Content starts

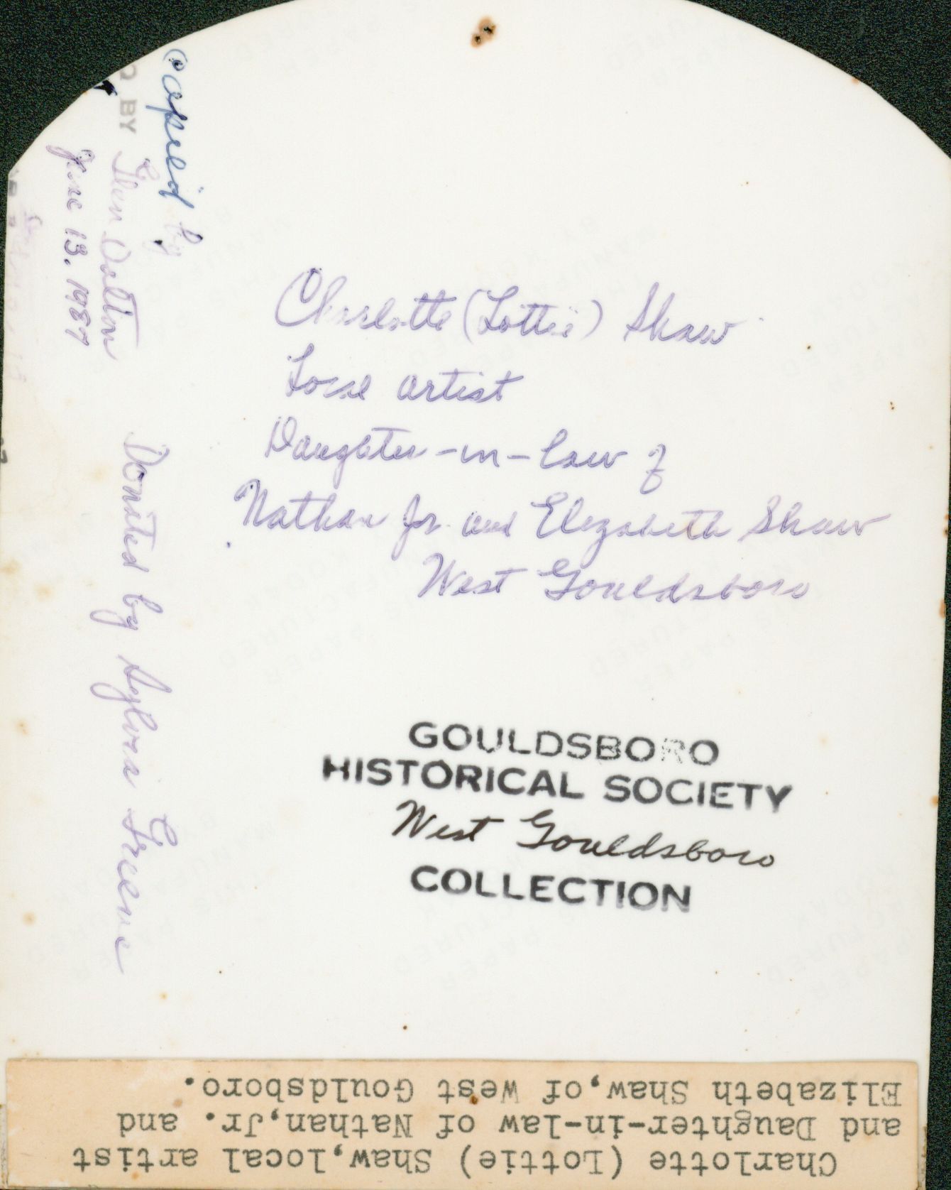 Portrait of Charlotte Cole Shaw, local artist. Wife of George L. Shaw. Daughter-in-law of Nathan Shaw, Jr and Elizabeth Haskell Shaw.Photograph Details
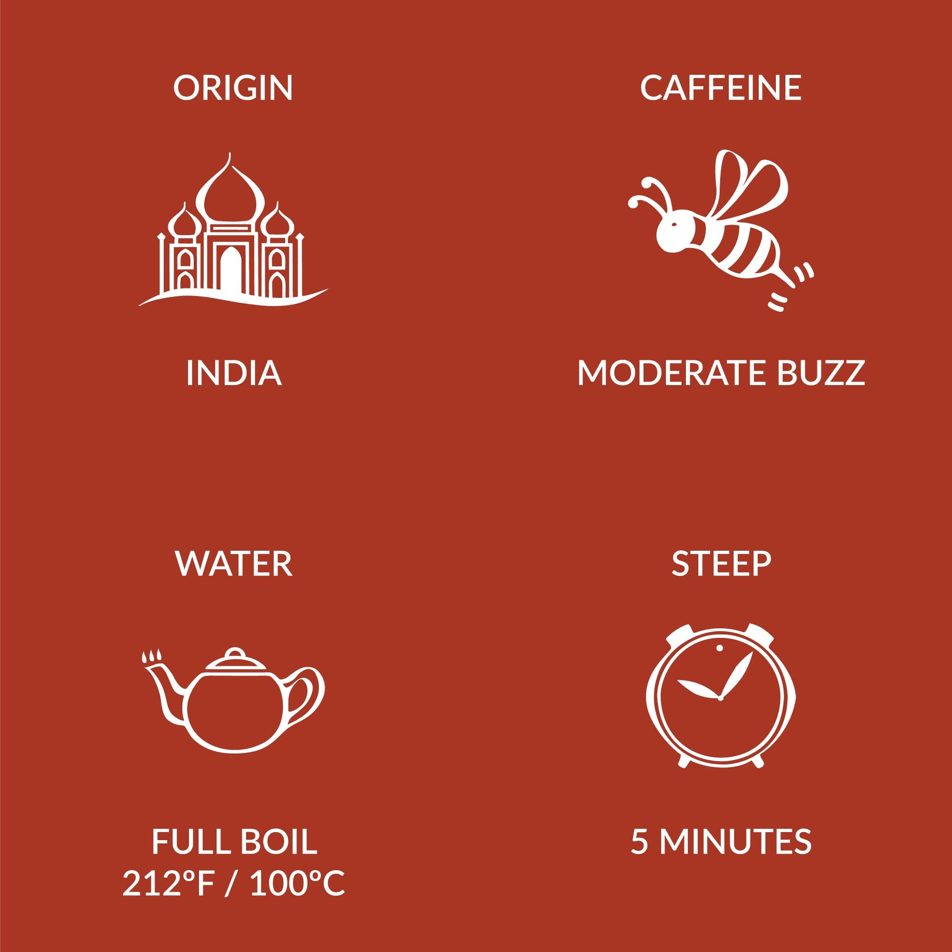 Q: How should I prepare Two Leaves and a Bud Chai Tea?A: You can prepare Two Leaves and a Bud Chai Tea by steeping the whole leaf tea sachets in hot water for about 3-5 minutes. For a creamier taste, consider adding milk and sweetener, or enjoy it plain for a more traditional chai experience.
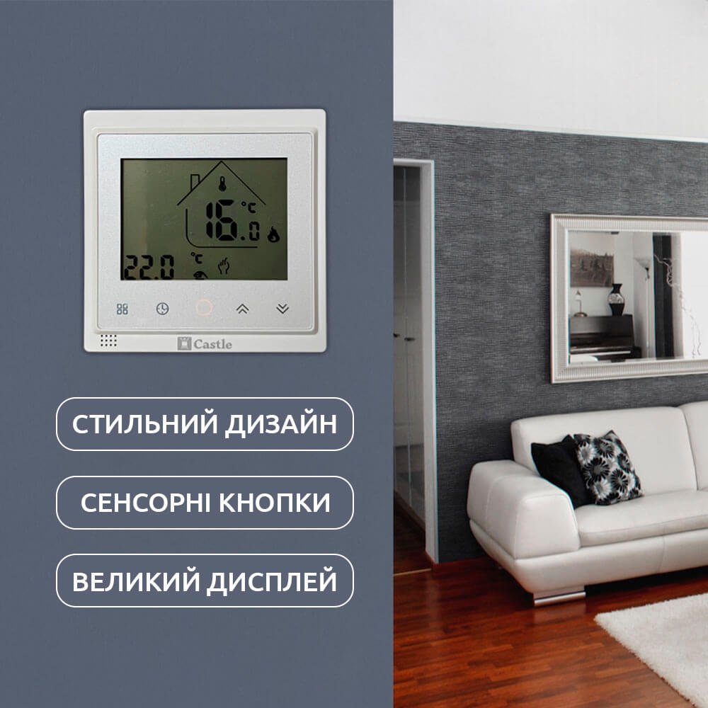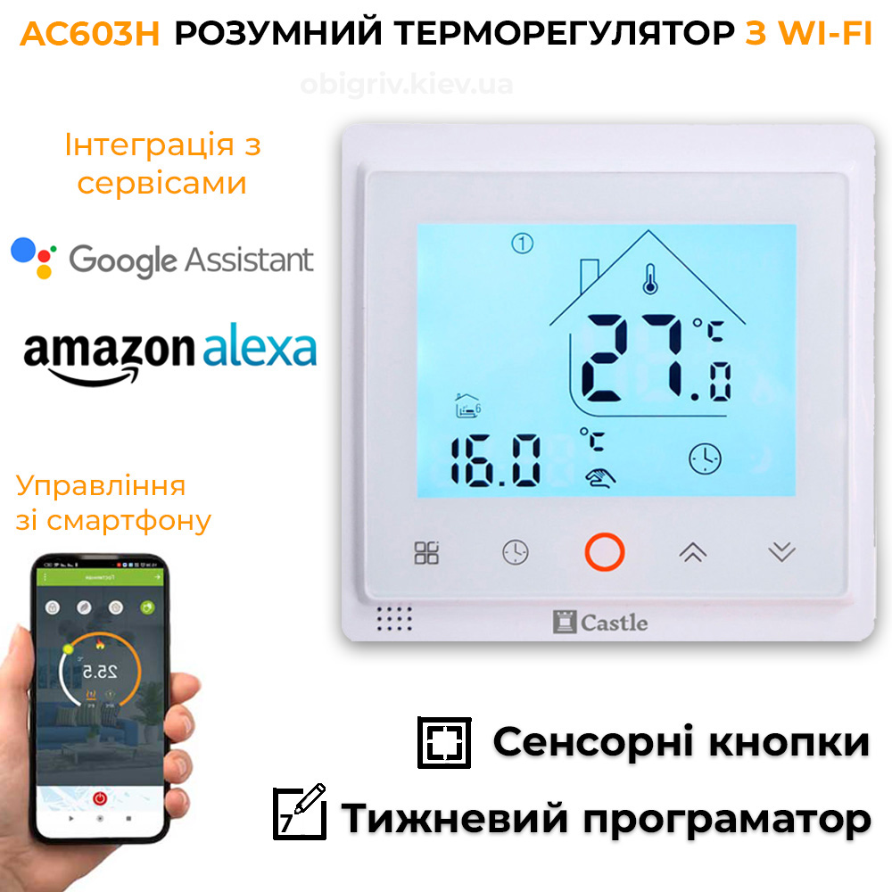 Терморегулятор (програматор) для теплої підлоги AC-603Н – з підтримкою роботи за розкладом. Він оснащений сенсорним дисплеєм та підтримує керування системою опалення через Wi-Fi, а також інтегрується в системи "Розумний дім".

Content ends
Content starts

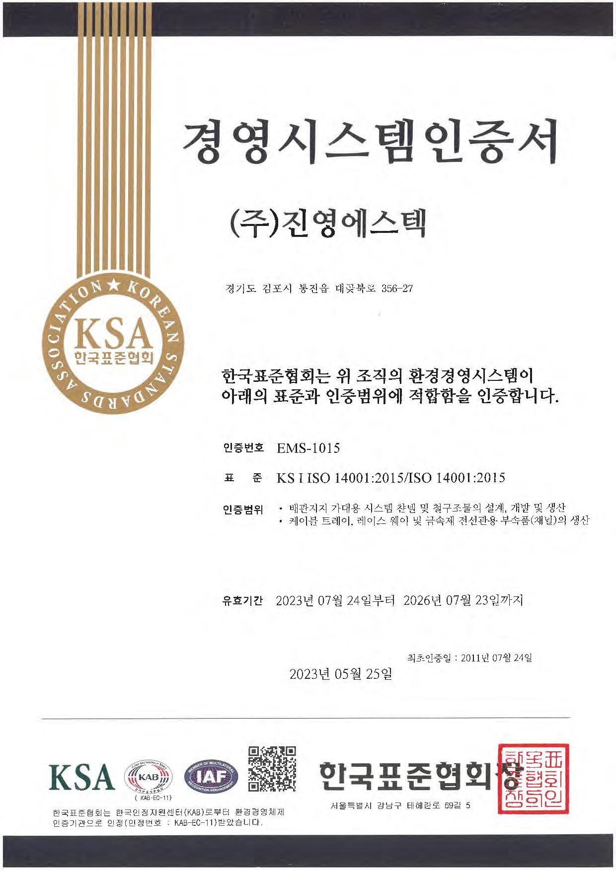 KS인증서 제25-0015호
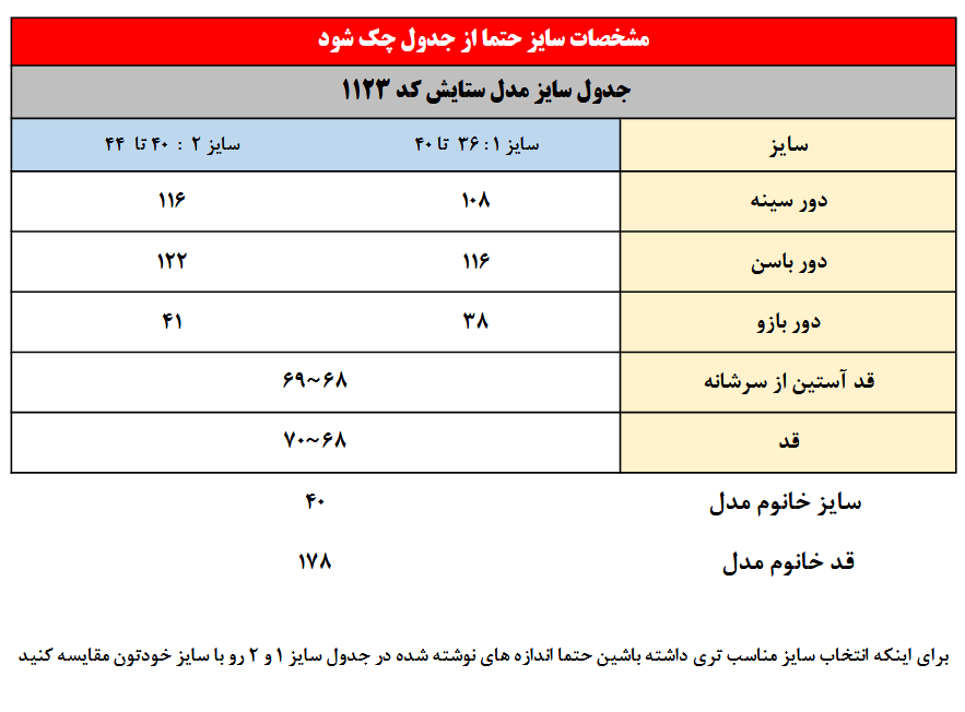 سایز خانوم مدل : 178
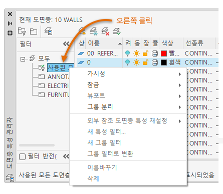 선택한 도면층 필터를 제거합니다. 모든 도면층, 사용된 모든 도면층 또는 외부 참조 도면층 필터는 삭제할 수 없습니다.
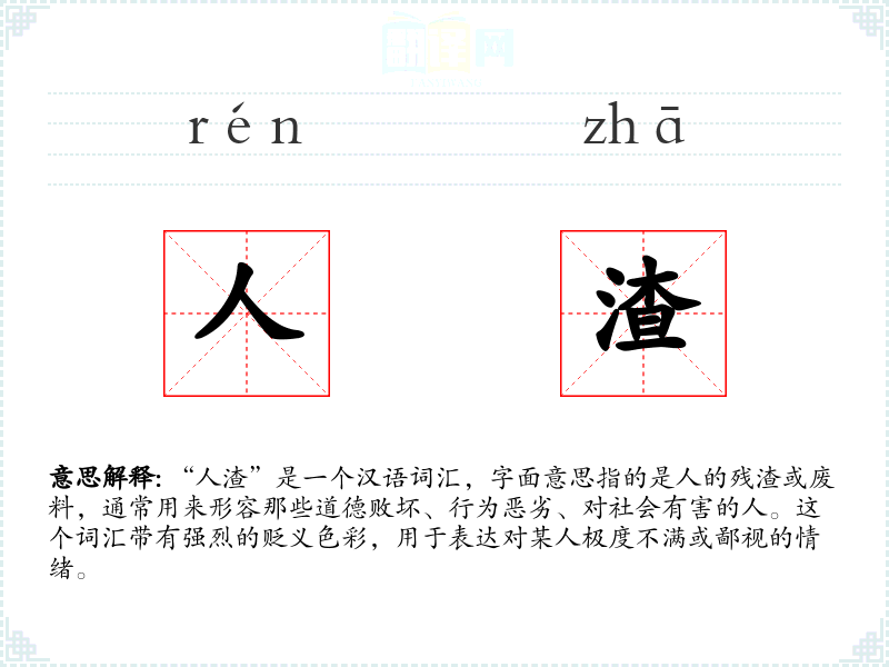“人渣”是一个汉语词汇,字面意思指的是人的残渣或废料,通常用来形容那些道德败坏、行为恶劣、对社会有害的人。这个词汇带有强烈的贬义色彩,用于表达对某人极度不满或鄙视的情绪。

Content ends
Content starts

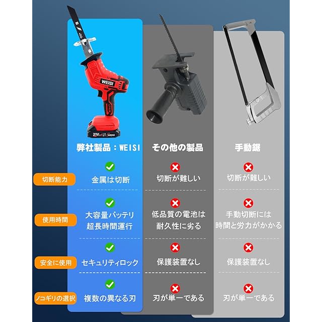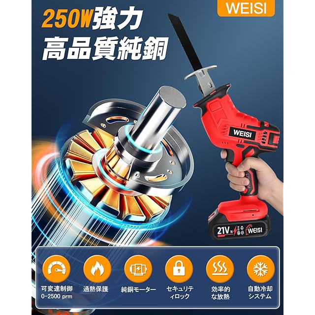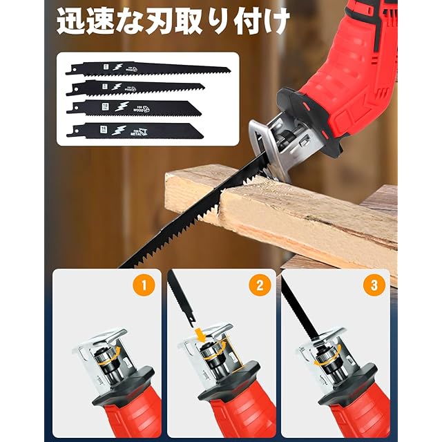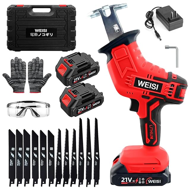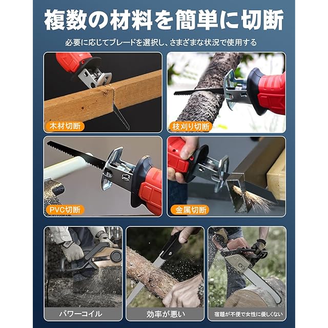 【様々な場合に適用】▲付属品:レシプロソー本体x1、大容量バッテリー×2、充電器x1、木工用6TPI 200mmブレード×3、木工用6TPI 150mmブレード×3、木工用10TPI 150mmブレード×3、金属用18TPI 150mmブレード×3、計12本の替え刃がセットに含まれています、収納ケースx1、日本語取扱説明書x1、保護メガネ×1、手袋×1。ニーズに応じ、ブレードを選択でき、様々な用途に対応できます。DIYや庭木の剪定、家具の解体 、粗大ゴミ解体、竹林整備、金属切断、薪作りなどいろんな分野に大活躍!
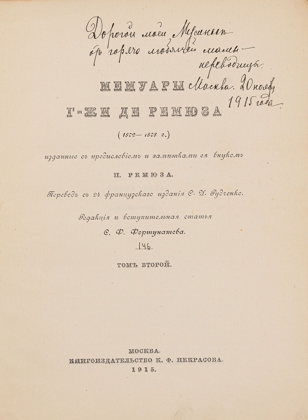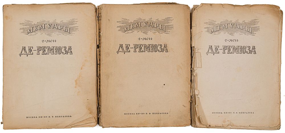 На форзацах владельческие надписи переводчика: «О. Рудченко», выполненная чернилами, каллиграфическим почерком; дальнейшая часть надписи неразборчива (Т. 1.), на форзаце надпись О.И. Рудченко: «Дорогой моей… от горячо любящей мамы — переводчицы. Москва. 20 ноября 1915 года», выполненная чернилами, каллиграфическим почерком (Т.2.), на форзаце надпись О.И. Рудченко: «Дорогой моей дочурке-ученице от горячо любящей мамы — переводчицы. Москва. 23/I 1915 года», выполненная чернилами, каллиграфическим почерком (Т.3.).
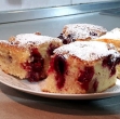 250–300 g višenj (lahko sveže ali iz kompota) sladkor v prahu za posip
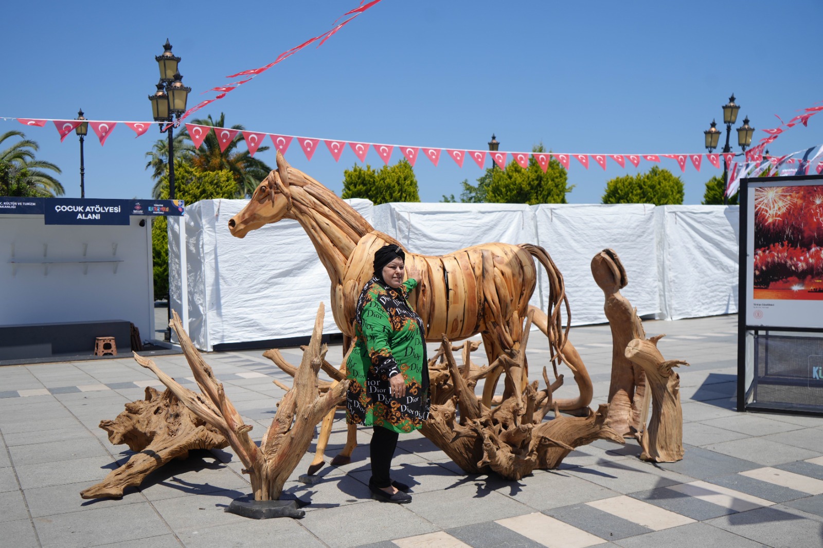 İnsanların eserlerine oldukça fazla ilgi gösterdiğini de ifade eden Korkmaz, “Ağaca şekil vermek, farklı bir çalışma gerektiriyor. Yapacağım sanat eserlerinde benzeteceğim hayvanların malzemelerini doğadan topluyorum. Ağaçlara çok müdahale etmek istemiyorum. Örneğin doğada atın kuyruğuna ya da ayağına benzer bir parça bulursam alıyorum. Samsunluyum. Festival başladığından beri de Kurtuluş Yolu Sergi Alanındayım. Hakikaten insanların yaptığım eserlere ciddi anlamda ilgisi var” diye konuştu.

Content ends

_WHAT YOU SHOULD DO_. Look through the listing above for the line with "Portrait of Charlotte" and the line with "Q: How should". Write out exactly those lines and everything between, leaving out pictures.

_RESPONSE TO THE TASK_.
 Portrait of Charlotte Cole Shaw, local artist. Wife of George L. Shaw. Daughter-in-law of Nathan Shaw, Jr and Elizabeth Haskell Shaw.Photograph Details
 Q: How should I prepare Two Leaves and a Bud Chai Tea?A: You can prepare Two Leaves and a Bud Chai Tea by steeping the whole leaf tea sachets in hot water for about 3-5 minutes. For a creamier taste, consider adding milk and sweetener, or enjoy it plain for a more traditional chai experience.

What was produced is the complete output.